如何从 BeautifulSoup 中一个一个地循环浏览抓取的 URL？答案

【问题标题】：How can I loop through scraped URLs one by one from BeautifulSoup?如何从 BeautifulSoup 中一个一个地循环浏览抓取的 URL？
【发布时间】：2022-12-03 13:43:39
【问题描述】：

我不确定是否有字典方法或其他方法，但我正在尝试抓取页面中的所有 URL，然后获取这些 URL 并逐个解析它们以查找相关数据......

为了找到我使用的所有网址......

from bs4 import BeautifulSoup

with open("Movies.html", "r") as page:
    soup = BeautifulSoup(page, "lxml")

for movie_list in soup.find_all('div', class_='movie-item'):
    movie_id = movie_list.div.button['data-movie-id']

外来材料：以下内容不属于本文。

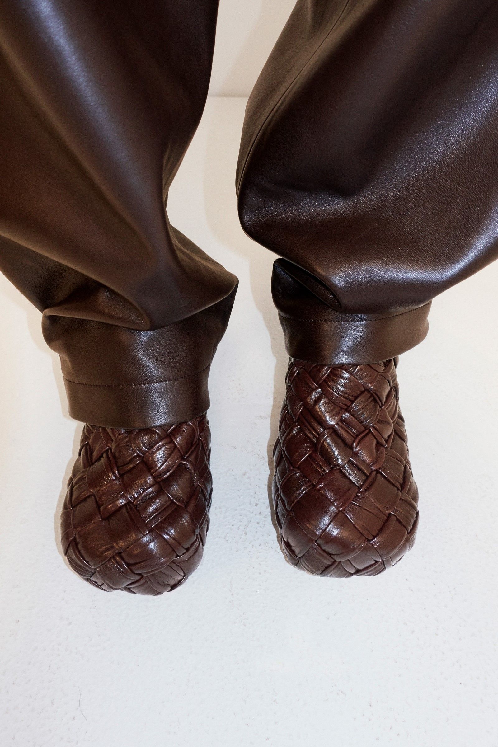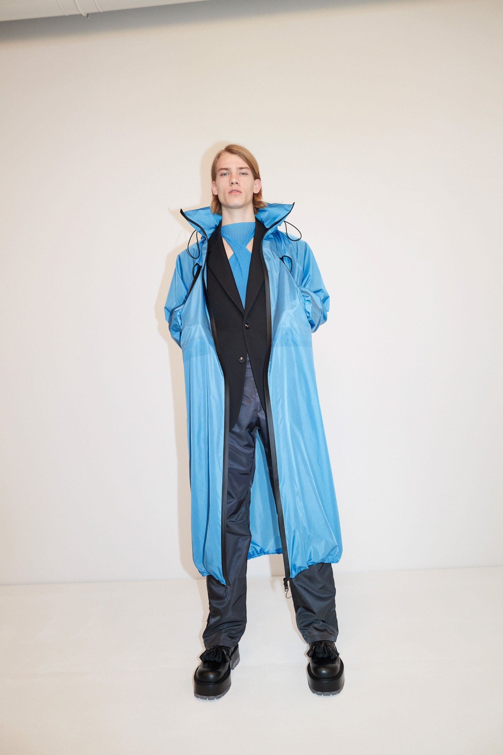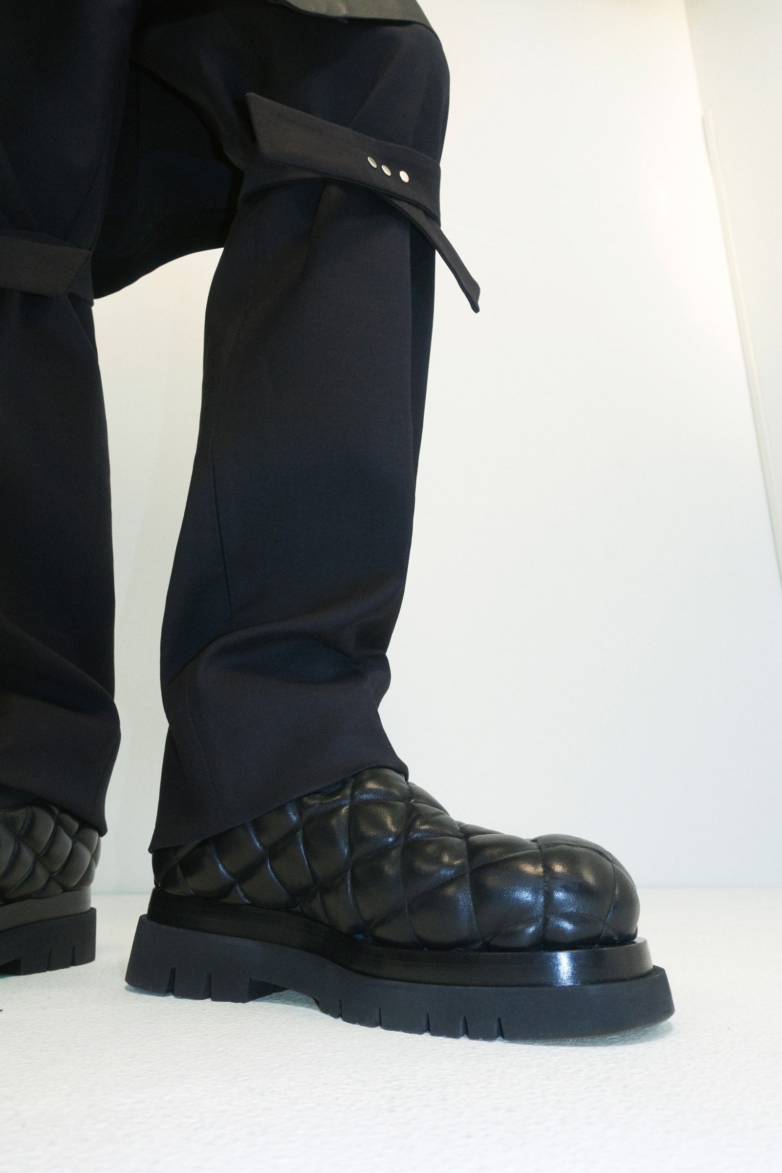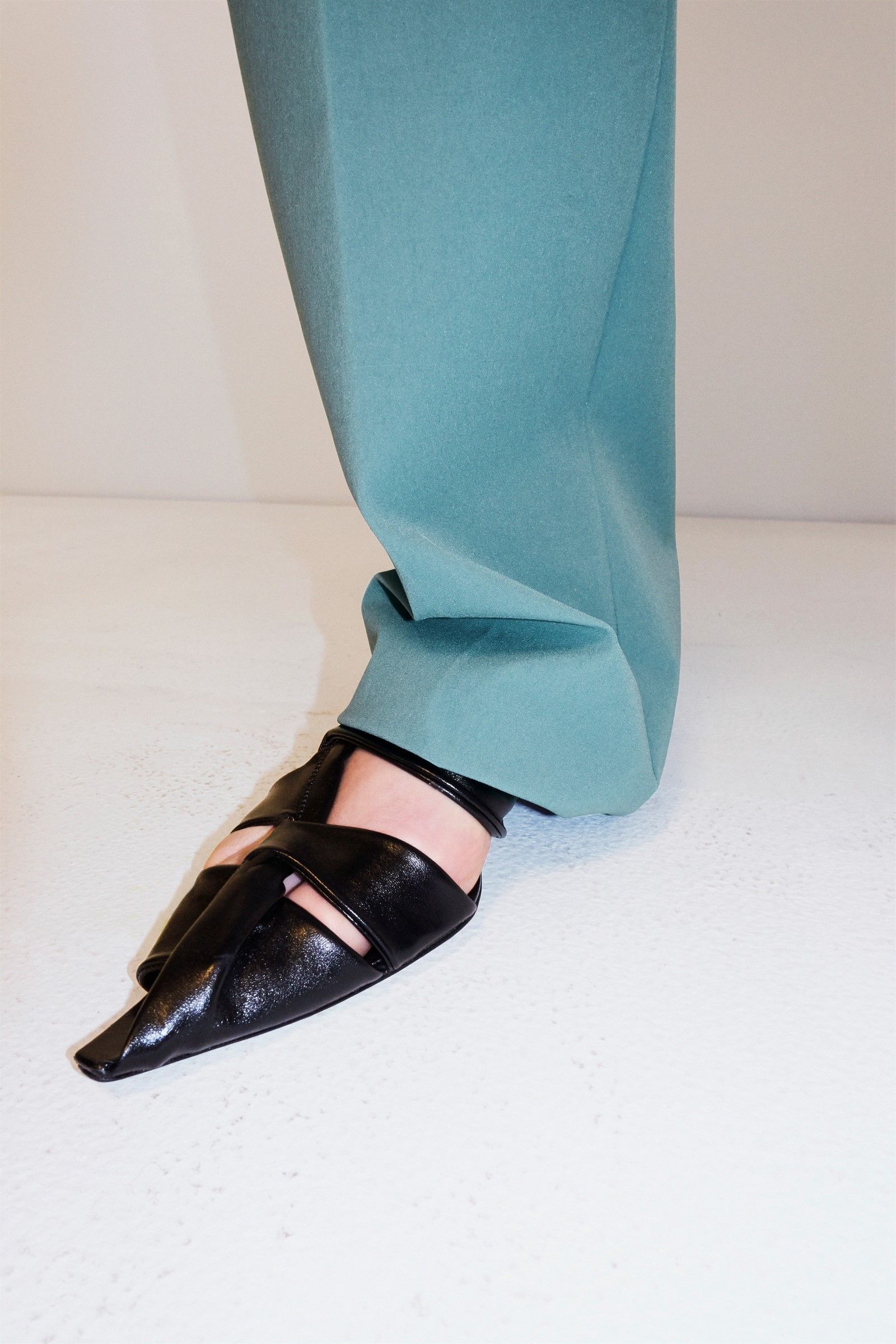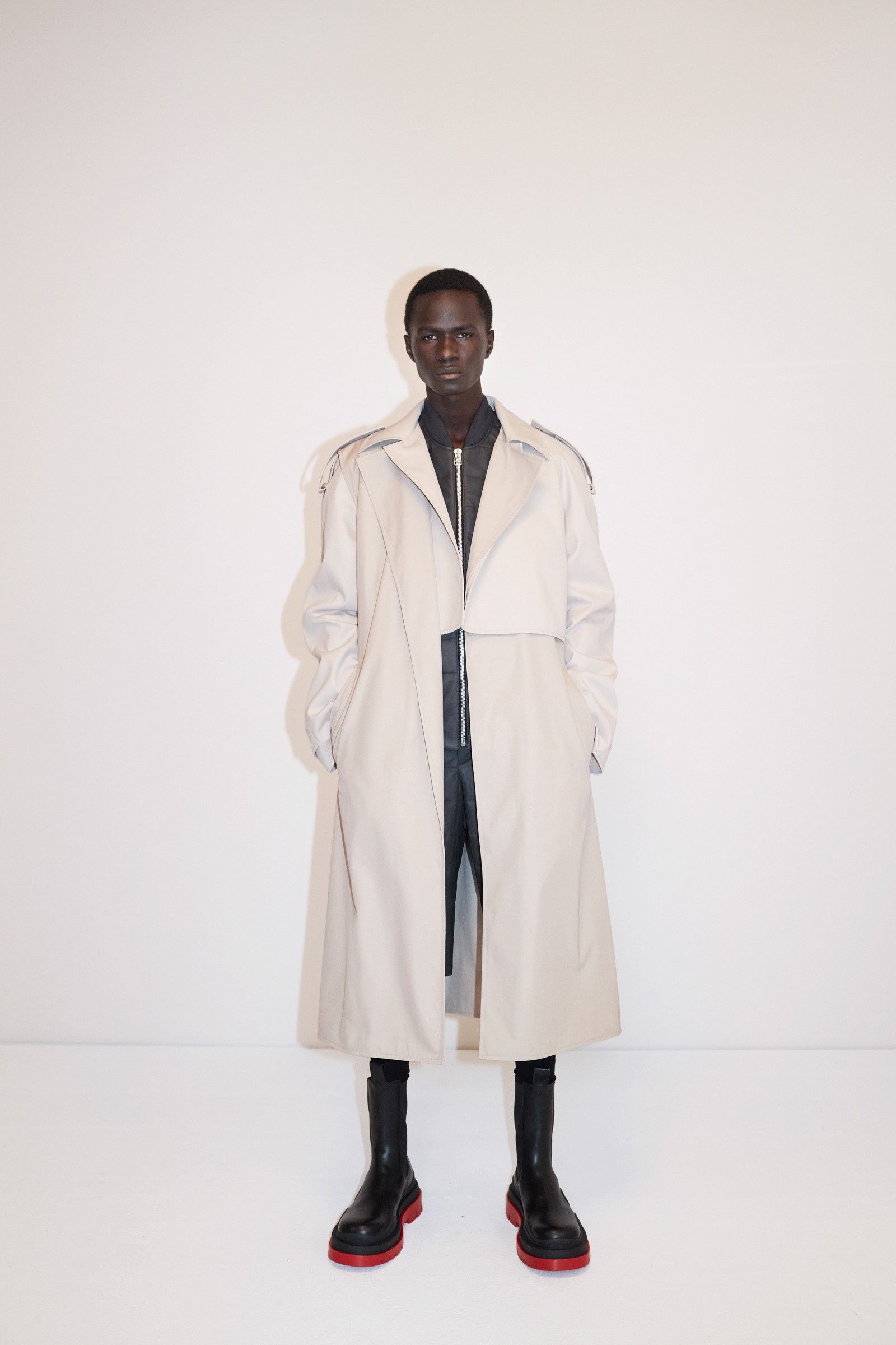 Il nero è ancora il colore dominante dei look, che viene alleggerito però da sfumature intense di turchese, rosso, rosa e giallo. Le linee semplici degli abiti sono accostate a scarpe e accessori dei volumi gonfi, tondeggianti. Il motivo intrecciato, pietra angolare dell’identità di Bottega Veneta, viene applicato non solo al cuoio ma anche a pellicce e piumini che, dietro un’apparenza morbida e priva di fronzoli, nascondono una struttura minuziosa e intricata. Oltre che alla fattura stessa degli abiti, la stravaganza è relegata ai tagli ampi e alla texture dei materiali, specialmente il cuoio, al layering e a dettagli come tasche e bottoni, dalla forma inusuale e massimalista. Sembrerebbe che il principio guida seguito da Lee sia stato quello di evitare, per quanto possibile, cuciture e altre “interruzioni” sulla superficie dei capi.

    link = movie_list.find('a')['href']
    print('https://test.com' + link)

这给了我...的输出

https://test.com/movie/the-godfather
https://test.com/movie/titanic
https://test.com/movie/interstellar
...

在检索到所有 URL 后，我对如何一次请求一个 URL 感到困惑。

例如请求https://test.com/movie/the-godfather然后查找概要然后https://test.com/movie/titanic做同样的事情

希望您明白要点 :) 提前致谢！

【问题讨论】：

确认您要抓取的网址。
您是否尝试过使用请求库？ pypi.org/project/requests

标签： python web-scraping beautifulsoup

【解决方案1】：

下面是一个示例，说明如何使用 Python 请求库和 BeautifulSoup 从多个 URL 中抓取数据。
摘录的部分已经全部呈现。